6th Maharani of Majapahit
- Reign: 1429 – 1447
- Predecessor: Vikramavardhana
- Successor: Kertawijaya
- Born: before 1406^{[citation needed]} Majapahit
- Died: 1447 Majapahit
- Burial: Singhajaya
- Spouse: Ratnapangkaja, Prince of Kahuripan ​ ​(died 1446)​

Regnal name
- Bhra Prabhu Stri Dewi Suhita (Pararaton)
- House: Rajasa
- Father: Vikramavardhana
- Mother: Kusumawardhani
- Religion: Hinduism

= Suhita =

Queen of the Majapahit Empire, 1429–1447

Suhita or Soheeta (died 1447), was a Javanese queen regnant and the sixth monarch of the Majapahit empire, ruling from 1429 to 1447.

== Early life and succession==
She was the daughter of King Wikramawardhana (formally Bhra Hyang Wisesa), her predecessor. Her mother was strongly possibly his principal wife, Kusumawardhani seeing that her name was written without prefixes rabi anom, rabi haji, or rabi ksatria usually used to refer a son or daughter of a concubine. If so, her parents as well as the king and the queen were first cousins. She had two older brothers: Hyang Wekas ing Sukha, and 2nd Prince of Tumapel also a younger brother: Dyah Kertawijaya. Both of her older brothers died during the reign of Wikramawardhana.
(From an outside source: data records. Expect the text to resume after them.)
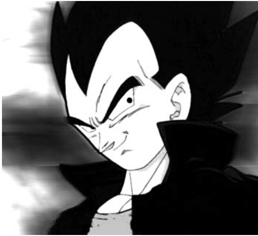
Végéta , dans Dragon Ball .
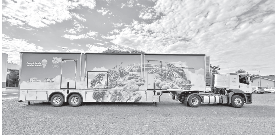
Participantes do XVI CONCEPAR INTERNACIONAL poderão conhecer atrações educativas que unem ciência, educação e sustentabilidade

O sistema consiste em uma esfera de 1,7 metro de diâmetro, fabricada em fibra de carbono. Por meio de projetores de alta performance sincronizados digitalmente, imagens animadas da Terra são projetadas na superfície sem divisórias, criando uma visão contínua e imersiva. Com acesso a mais de
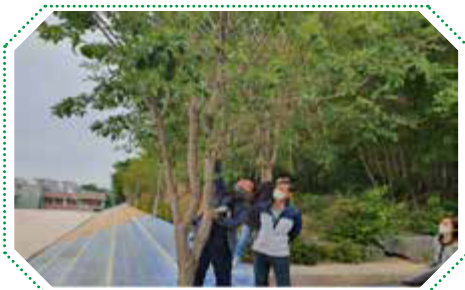
수목진단(대나무, 이팝나무) 중

As he died in 1429, Pararaton reported that the empire was ruled by a queen regnant or prabhu stri. Suhita was the woman suspected. Later, she was succeeded by her younger brother Dyah Kertawijaya by the regnal name King Wijayaparakramawardhana.

== Personal life ==
Suhita was arranged to marry her close relative, Prince Ratnapangkaja. He was son of Surawardhani and Ranamanggala Dyah Sumirat. He was whose mother was Suhita's paternal aunt, and father was a son of Dyah Sotor, Hayam Wuruk's agnatic half-brother.

== Legend ==
The Damarwulan legend is associated with her reign, as it involves a maiden queen (Prabu Kenya in the story), and during Suhita's reign, there was a war with Blambangan as in the legend.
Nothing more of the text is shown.